I did miss Robert. Single-parenting was like a single-take scene, so much pressure on that cameraman to not trip over the cables, not knock into the boom mic, not mistake which fever was worthy of a 4:00 A.M. call to the pediatrician and which wasn’t. I thought I’d mastered it back in Milwaukee—we’d readily survived all those writeaways, after all. But I’ll admit, cooking and cleaning and scheduling and scolding and encouraging: it was hard not having help. And here in Paris, it was hard making the dozens of judgment calls that arose each week. Should the girls have allowances, and if so, how much?
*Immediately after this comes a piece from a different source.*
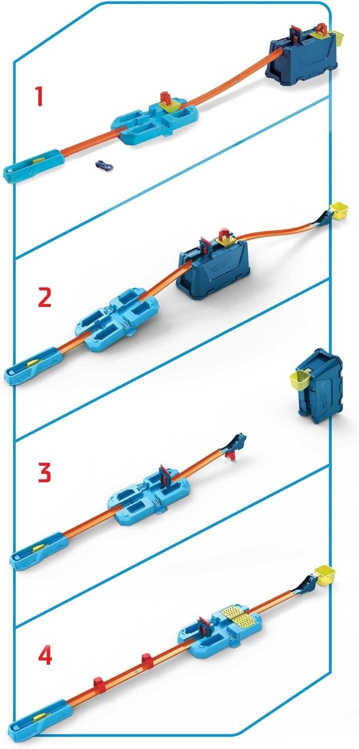 The box and lid not only hold all the track pieces for easy storage, but can also be used as part of any build to enhance challenges and intensify stunts.

And paid out of what imaginary bank account? Should we switch to an international school? Should we get a cat?
Should we go home?
You can sit in a four-legged chair that’s missing a leg: it just takes more work, more concentration. And Paris, like a pile of books pressed into service, had served as a replacement leg, at least for a while. Not as sturdy, not as sound, not a permanent solution, but we were holding up. Enough time had passed now that it was possible to forget, for a stray millisecond or two, that he was gone. Thinking him dead had, for the longest time, helped with that. But then someone would come along and rip a book out from the pile, maybe one with I’m sorry scribbled inside, the chair would teeter. And then one of us—Daphne, for example—would shout Dad, and someone would fall. This time it was Ellie. Who would be next?
“I’m going to ask you something,” said Eleanor.
Now I played Eleanor’s game: I said nothing.
“I was expecting to be interrupted,” she said.
I still said nothing.
“Well, this is one benefit of Skype,” Eleanor said. “Anger or agreement, it’s all free. On the phone, silence feels so expensive.”